A precise copy of the data is required, with every picture left out.

### Supplied material
· · ·
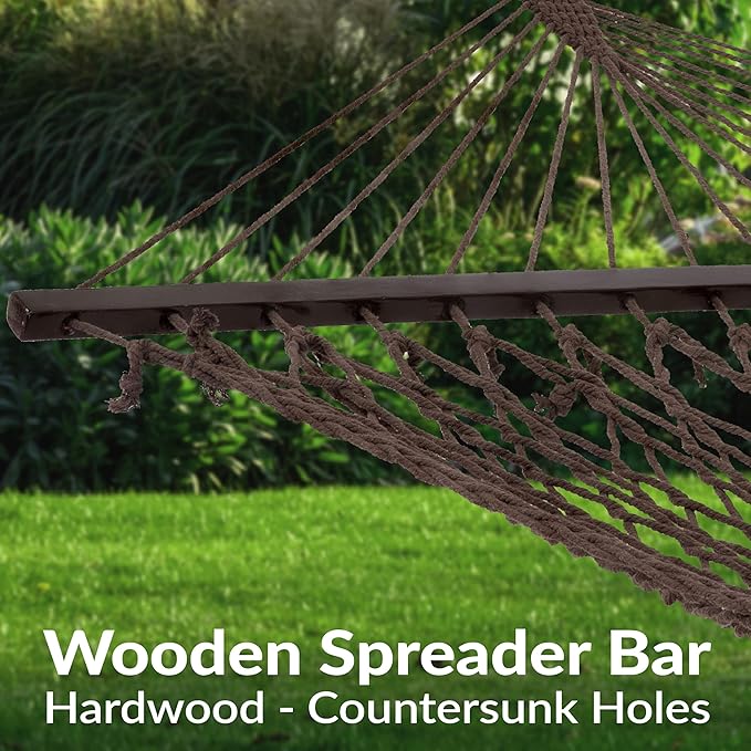 - CLASSIC AND DURABLE: This double hammock with spreader bar is made from a soft 65% cotton and 35% polyester rope material and features classic hardwood spreader bars for added style, comfort, and relaxation.
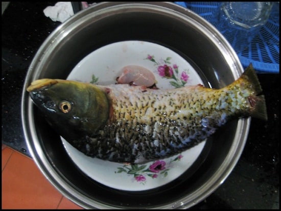 - Cá chép đánh vẩy, moi mang, mổ bụng bỏ nội tạng, cắt bỏ đầu cá, rửa lại thật sạch bằng nước muối hạt hoặc nước cốt chanh rồi rạch ngang thân cá 3-4 đường để cá nhanh chín và ngấm gia vị.
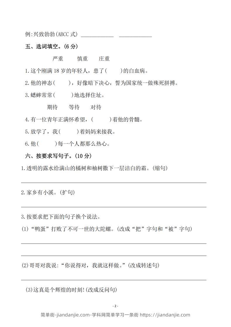 四年级上语文第六单元测试卷1 简单街 1月前发布 关注 私信 010 四年级上语文第六单元测试卷1此内容为付费资源,请付费后查看¥2.7黄金会员免费钻石会员免费立即购买您当前未登录!建议登陆后购买,可保存购买订单格式pdf页数6 页大小1.78 MB付费资源 ——预览已结束,还剩4页未读——开通会员后可免费下载高清完整文档 © 版权声明文章版权归作者所有,未经允许请勿转载。THE END小学语文喜欢就支持一下吧点赞0 分享收藏0
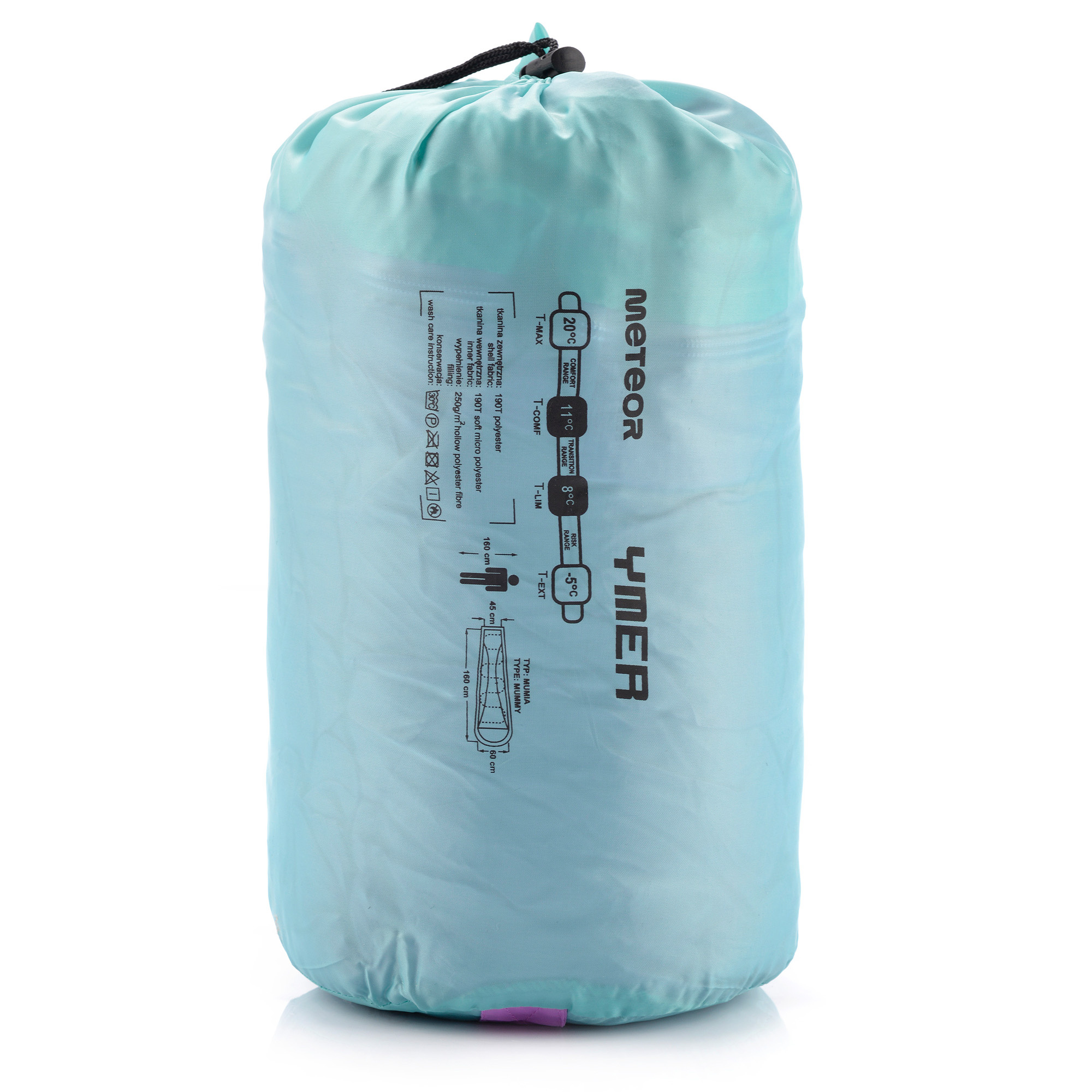 The Ymer model is a kids' version of Meteor sleeping bags, designed with their needs in mind. The polyester lining offers exceptional comfort and a soft feel to the touch. The Hollow Fiber filling enhances thermal insulation, without adding extra weight or bulk to the standard size.
· · ·
### Expected answer
 - CLASSIC AND DURABLE: This double hammock with spreader bar is made from a soft 65% cotton and 35% polyester rope material and features classic hardwood spreader bars for added style, comfort, and relaxation.
 - Cá chép đánh vẩy, moi mang, mổ bụng bỏ nội tạng, cắt bỏ đầu cá, rửa lại thật sạch bằng nước muối hạt hoặc nước cốt chanh rồi rạch ngang thân cá 3-4 đường để cá nhanh chín và ngấm gia vị.
 四年级上语文第六单元测试卷1 简单街 1月前发布 关注 私信 010 四年级上语文第六单元测试卷1此内容为付费资源,请付费后查看¥2.7黄金会员免费钻石会员免费立即购买您当前未登录!建议登陆后购买,可保存购买订单格式pdf页数6 页大小1.78 MB付费资源 ——预览已结束,还剩4页未读——开通会员后可免费下载高清完整文档 © 版权声明文章版权归作者所有,未经允许请勿转载。THE END小学语文喜欢就支持一下吧点赞0 分享收藏0
 The Ymer model is a kids' version of Meteor sleeping bags, designed with their needs in mind. The polyester lining offers exceptional comfort and a soft feel to the touch. The Hollow Fiber filling enhances thermal insulation, without adding extra weight or bulk to the standard size.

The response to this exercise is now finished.